- WHAT THE TASK ASKS -
Exactly retype the opening line of the entries and every line after it, ending with the line that contains "Кресло офисное метта". Skip all pictures.

- DATASET -
_ _ _ _ _ _ _

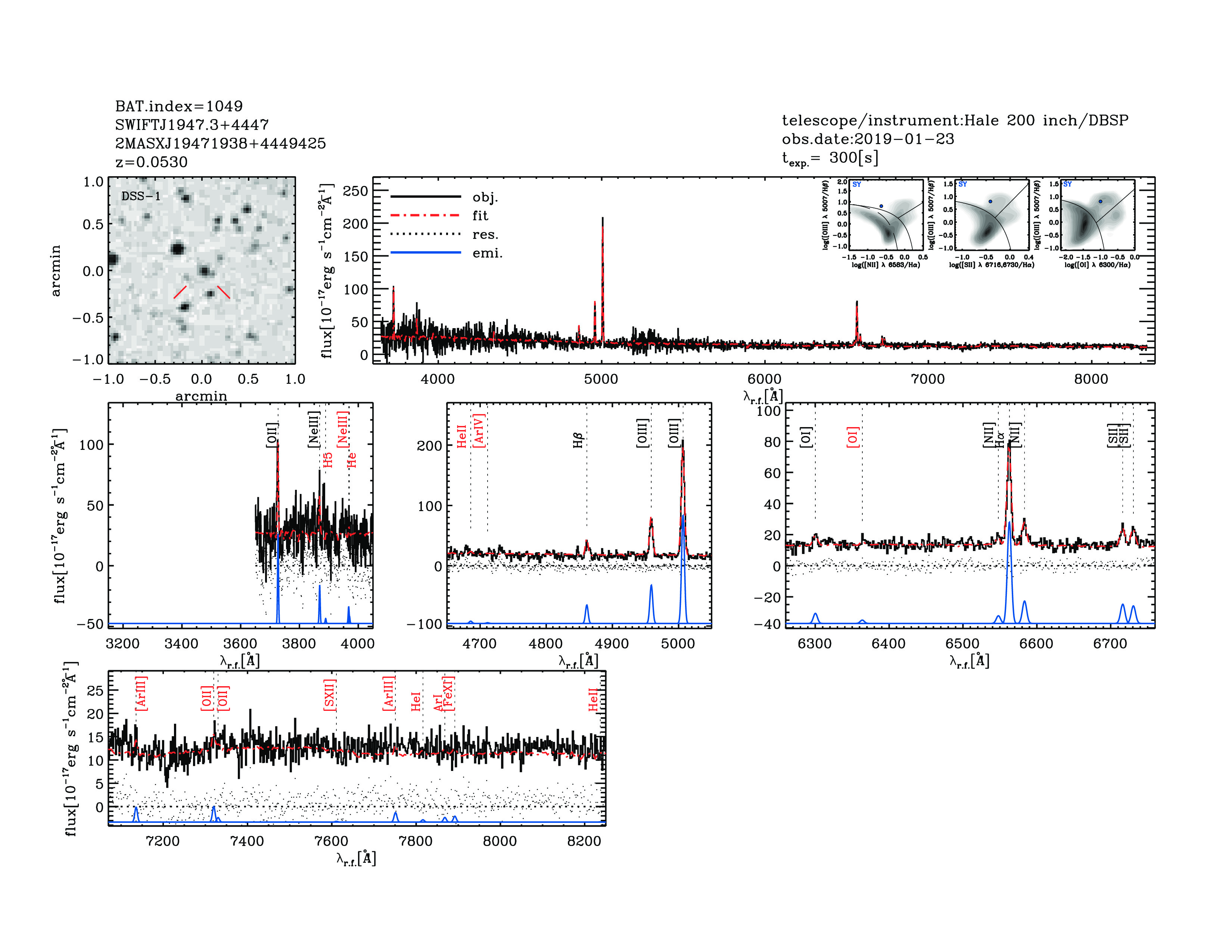 | 1049 | SWIFTJ1947.3+4447 | 2MASXJ19471938+4449425 | 296.830655 | 44.8283651 | 0.05300 | 7.6 | 11.7 | 23.95 | 21.4 | 22.84[22.87-22.82] | 1.53(0.13,0.09) | optical | NED |
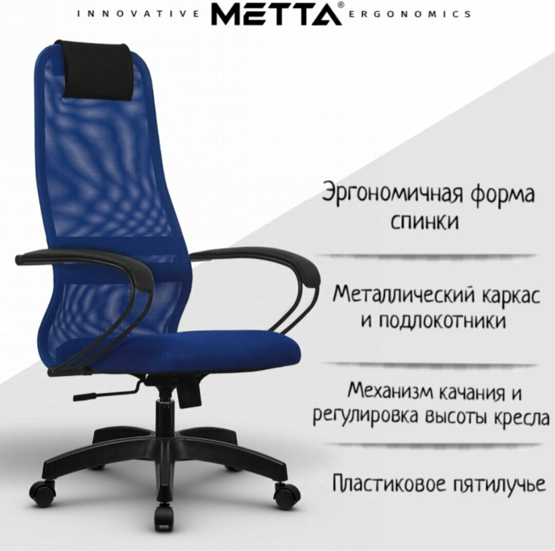 Кресло офисное метта «SU-B-8» пластик, ткань-сетка, сиденье мягкое, синее
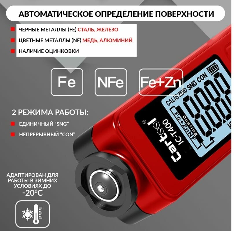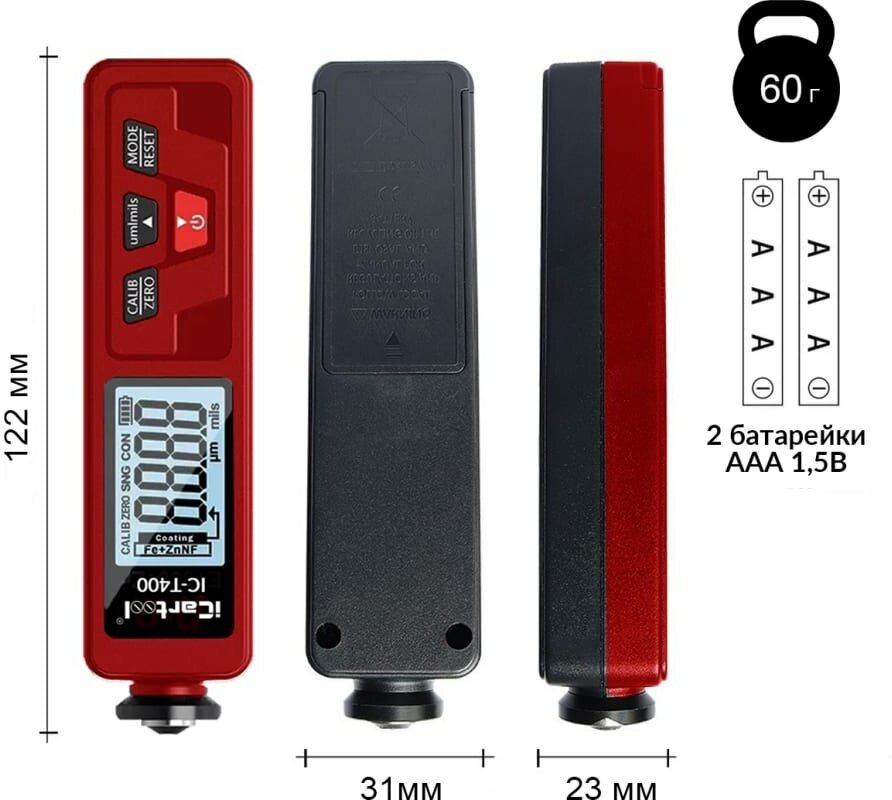 Measuring principle: eddy current, maximum thickness: 1350 µm, maximum error: 3%, acoustic signal, auto-off, battery: batteries, number of batteries: 2, measuring surfaces: non-ferrous metals, �
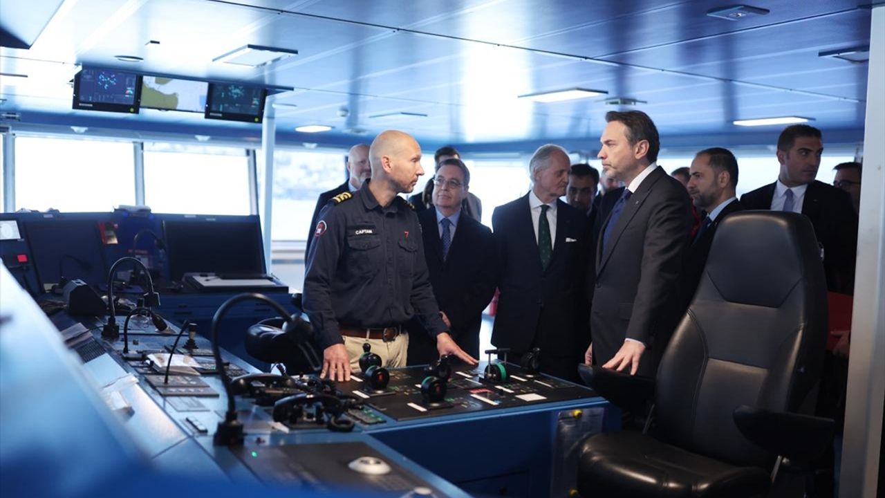 Bakan Bayraktar, İstanbul Sarayburnu Limanı'nda bulunan ve Sakarya Gaz Sahası Faz-2 çalışmaları kapsamında deniz altına boru döşeme işlemini gerçekleştirecek Seven Vega gemisini ziyaret etti.
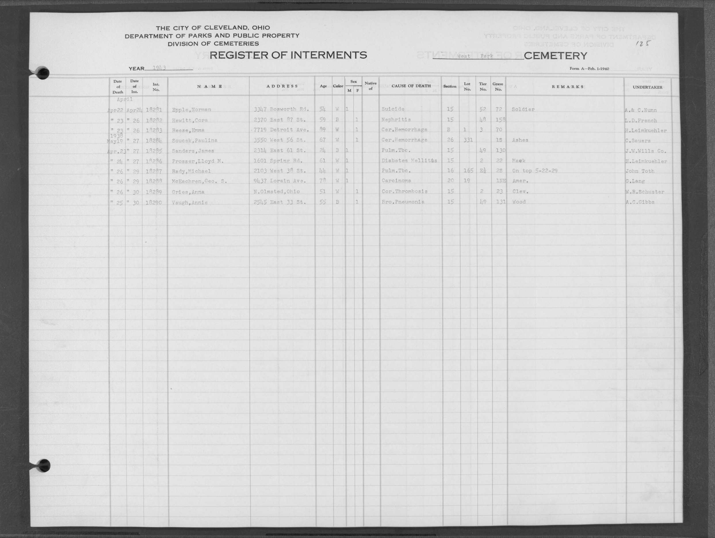 | West Park | 3 | 124 | Apr | 12 | 1943 | Apr | 17 | 1943 | 18262 | Ingraham, Edna M | 31y | W | F | |

_ _ _ _ _ _ _

- EXERCISE RESPONSE -
 | 1049 | SWIFTJ1947.3+4447 | 2MASXJ19471938+4449425 | 296.830655 | 44.8283651 | 0.05300 | 7.6 | 11.7 | 23.95 | 21.4 | 22.84[22.87-22.82] | 1.53(0.13,0.09) | optical | NED |
 Кресло офисное метта «SU-B-8» пластик, ткань-сетка, сиденье мягкое, синее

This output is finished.